### Task to carry out:
In the material below, find the line containing "Neonatal Intensive Care Unit" and the line containing "RANBERRY dearly loves". Output those two lines and all lines between them exactly, without pictures.

### Supplied records:
• • •
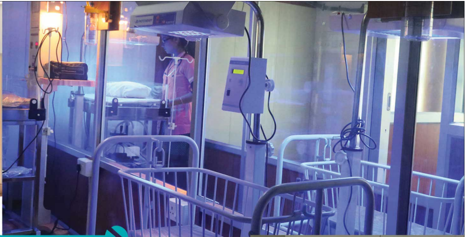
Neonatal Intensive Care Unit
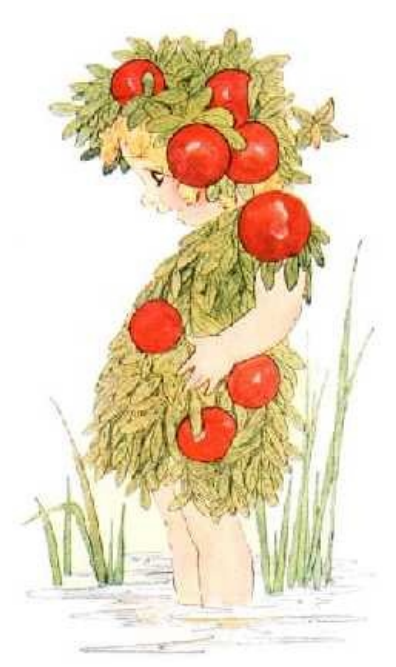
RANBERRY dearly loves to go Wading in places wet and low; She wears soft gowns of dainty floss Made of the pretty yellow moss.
• • •
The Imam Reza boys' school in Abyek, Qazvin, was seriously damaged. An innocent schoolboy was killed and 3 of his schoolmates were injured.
• • •
### Expected answer:
Neonatal Intensive Care Unit
RANBERRY dearly loves to go Wading in places wet and low; She wears soft gowns of dainty floss Made of the pretty yellow moss.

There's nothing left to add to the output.